Heading to Nassau

Saturday’s weather was a carbon copy of Friday’s. Oh we’ll be so spoiled with this, as these conditions are infrequent. Benj went up the mast for the third time and enjoyed immediate success because Russ had figured out the problem. A piece of metal was still attached to the small peg at the top; Benj used pliers to remove it and snapped the new wind indicator on easily.  I could feel his joy 60 ft below. The camera made the trip up too:

The view from 63 ft up

I thought for sure that the sailboat who’d recently anchored ahead of us was nearly over our anchor. I shook my head as they checked their anchor, failing to notice ours just off their stern. I gave them a tiny scare as we skimmed past once our anchor was up. Hopped up to privately owned Bonds Cay. A few years ago a cruise line had been eyeing it but the deal fell through. We saw evidence of surveying along the beach. At one end a wooden platform stood as a “this would be the spot for the Tiki Bar”.

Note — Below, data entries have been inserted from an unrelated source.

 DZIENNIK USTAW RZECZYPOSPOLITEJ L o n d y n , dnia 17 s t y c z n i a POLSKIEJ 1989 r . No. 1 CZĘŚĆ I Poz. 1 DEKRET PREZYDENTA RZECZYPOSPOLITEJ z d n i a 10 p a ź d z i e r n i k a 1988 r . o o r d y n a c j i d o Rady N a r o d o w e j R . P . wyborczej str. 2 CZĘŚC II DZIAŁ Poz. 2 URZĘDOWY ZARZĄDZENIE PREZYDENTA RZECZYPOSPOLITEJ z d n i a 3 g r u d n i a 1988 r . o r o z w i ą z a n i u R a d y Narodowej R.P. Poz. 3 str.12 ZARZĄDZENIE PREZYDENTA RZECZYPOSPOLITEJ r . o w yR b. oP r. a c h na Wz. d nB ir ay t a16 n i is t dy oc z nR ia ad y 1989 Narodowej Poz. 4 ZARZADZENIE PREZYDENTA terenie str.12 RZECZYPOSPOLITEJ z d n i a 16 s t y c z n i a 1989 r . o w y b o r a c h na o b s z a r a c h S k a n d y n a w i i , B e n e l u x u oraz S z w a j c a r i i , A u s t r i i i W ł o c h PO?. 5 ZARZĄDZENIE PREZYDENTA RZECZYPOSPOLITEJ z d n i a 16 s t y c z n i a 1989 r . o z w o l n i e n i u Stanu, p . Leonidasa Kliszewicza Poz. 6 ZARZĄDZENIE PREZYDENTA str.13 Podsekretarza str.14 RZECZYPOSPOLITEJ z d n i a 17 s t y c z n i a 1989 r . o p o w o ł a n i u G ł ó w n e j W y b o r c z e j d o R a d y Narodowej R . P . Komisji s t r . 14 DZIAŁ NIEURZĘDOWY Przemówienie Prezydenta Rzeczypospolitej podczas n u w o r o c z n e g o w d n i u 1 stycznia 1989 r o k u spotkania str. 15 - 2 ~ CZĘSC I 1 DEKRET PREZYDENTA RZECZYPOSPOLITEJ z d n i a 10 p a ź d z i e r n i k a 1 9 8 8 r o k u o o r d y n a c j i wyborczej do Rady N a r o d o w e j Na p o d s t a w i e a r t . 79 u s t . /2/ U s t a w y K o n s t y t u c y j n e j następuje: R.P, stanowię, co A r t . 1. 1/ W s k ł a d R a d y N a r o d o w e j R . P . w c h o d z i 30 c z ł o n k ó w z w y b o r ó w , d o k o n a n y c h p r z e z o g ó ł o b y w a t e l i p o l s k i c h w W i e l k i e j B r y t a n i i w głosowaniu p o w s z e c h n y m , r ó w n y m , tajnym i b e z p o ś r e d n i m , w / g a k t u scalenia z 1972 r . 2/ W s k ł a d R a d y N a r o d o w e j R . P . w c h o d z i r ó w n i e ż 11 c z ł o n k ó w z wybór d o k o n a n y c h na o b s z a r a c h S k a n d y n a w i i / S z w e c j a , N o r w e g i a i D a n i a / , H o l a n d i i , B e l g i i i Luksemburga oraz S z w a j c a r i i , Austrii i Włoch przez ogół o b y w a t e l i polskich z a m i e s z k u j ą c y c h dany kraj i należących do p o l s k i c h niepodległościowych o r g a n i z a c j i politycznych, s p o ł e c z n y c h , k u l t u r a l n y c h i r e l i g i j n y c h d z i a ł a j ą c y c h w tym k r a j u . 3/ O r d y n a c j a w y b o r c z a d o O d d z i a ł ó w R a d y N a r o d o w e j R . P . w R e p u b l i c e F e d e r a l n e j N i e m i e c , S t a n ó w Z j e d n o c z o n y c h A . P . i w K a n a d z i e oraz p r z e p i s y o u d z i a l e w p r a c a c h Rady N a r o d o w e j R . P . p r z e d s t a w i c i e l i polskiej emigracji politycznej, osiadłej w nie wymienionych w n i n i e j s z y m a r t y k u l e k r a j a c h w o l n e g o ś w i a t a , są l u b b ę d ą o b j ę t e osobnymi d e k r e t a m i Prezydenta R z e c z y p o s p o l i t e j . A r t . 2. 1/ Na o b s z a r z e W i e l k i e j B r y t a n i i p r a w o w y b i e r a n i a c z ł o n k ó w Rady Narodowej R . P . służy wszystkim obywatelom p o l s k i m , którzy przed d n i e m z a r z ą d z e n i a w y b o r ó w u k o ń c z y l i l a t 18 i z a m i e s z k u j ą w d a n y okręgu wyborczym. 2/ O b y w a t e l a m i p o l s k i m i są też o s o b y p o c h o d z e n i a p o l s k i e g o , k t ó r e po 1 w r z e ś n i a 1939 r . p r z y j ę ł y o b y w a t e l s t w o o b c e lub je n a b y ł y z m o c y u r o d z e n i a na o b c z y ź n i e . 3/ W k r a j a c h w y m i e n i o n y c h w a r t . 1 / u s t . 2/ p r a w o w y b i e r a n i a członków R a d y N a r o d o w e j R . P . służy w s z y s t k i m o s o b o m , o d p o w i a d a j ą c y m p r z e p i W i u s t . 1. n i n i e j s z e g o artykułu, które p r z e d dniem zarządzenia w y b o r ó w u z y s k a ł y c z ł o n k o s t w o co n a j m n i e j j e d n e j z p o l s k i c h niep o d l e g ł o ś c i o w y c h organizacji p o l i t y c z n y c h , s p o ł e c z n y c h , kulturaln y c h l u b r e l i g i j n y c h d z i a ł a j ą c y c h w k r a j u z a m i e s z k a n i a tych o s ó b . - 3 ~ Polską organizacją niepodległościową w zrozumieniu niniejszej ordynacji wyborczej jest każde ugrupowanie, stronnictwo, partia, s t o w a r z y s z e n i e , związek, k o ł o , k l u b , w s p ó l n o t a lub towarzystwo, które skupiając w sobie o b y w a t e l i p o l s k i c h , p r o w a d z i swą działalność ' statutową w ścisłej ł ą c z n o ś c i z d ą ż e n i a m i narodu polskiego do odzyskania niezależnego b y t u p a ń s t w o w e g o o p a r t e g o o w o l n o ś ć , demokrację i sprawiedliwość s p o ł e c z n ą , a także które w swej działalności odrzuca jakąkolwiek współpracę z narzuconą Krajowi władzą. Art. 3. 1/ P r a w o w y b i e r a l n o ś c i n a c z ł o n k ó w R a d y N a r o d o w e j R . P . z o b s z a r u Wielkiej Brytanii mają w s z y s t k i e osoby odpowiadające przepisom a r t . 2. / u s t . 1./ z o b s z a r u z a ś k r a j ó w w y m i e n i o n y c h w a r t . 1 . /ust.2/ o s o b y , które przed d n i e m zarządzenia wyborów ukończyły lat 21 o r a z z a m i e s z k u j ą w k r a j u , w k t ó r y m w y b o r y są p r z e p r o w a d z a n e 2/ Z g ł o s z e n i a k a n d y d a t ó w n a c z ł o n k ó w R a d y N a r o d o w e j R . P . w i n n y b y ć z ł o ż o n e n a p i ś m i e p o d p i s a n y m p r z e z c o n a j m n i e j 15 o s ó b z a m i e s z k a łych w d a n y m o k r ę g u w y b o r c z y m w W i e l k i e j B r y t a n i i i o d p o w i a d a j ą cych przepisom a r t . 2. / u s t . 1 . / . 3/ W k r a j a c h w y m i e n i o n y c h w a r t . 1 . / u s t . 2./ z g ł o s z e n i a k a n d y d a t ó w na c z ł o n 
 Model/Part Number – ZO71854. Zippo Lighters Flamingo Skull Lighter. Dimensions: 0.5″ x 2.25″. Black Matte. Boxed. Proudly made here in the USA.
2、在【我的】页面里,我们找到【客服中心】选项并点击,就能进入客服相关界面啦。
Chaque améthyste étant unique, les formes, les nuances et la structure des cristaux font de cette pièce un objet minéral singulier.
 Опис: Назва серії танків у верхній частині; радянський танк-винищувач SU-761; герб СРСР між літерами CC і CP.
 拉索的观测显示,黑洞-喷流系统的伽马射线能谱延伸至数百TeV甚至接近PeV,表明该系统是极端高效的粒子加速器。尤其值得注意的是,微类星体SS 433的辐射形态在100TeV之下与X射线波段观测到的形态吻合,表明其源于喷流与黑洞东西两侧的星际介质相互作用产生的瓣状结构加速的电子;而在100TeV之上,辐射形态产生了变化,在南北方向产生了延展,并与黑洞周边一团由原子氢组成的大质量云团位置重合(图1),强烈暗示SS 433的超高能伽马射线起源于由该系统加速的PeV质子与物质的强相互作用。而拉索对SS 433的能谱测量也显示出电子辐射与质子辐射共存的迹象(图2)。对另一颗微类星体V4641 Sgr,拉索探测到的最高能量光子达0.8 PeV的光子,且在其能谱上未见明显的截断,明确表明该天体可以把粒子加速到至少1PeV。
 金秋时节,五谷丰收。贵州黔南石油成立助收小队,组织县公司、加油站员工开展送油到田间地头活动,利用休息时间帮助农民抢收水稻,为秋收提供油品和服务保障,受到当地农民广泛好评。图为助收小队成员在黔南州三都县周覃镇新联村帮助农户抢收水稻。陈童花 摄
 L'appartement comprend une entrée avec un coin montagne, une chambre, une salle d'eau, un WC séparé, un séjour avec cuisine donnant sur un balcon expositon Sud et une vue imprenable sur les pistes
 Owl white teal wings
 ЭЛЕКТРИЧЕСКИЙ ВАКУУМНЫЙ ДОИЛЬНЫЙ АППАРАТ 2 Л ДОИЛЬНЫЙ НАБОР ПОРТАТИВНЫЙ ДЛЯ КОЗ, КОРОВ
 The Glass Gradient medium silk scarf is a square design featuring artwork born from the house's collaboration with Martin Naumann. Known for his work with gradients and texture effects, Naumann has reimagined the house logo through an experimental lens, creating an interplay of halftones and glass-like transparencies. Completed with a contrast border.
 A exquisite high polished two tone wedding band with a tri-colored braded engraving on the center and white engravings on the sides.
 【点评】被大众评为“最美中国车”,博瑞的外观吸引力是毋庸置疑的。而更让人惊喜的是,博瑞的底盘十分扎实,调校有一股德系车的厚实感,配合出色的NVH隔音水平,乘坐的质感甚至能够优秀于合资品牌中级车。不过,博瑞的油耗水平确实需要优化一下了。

Our trip to Nassau was moved up and after breakfast Sunday, we headed south-east for a day’s sail down to New Providence Island.  Happy Sails, Happy New Year! We had the main and jib raised 6 out of the 7 hour trip; they did their job with hardly any adjustment and none of that annoying tacking or jibing! The downside- you know there’s always one of those, was we couldn’t run the water maker. Too much wave action and as we were on a port tack, the port hull (where the intake is) was raised up just enough to put the kabash on making water. I always say we don’t heel, but we do, about 5 degrees.

Our selected spot for the night was the south side of Athol Island, a few miles east of Nassau and Paradise Island. We’d be in the lee for north winds and the swells that sneak in weren’t a problem. From the Berry Islands (Bonds Cay) you transit the Northeast Providence Channel and much of the 36 nm trip takes you through depths of 8,200 ft. Our depth sounder usually stops working around 250 ft, which is just as well.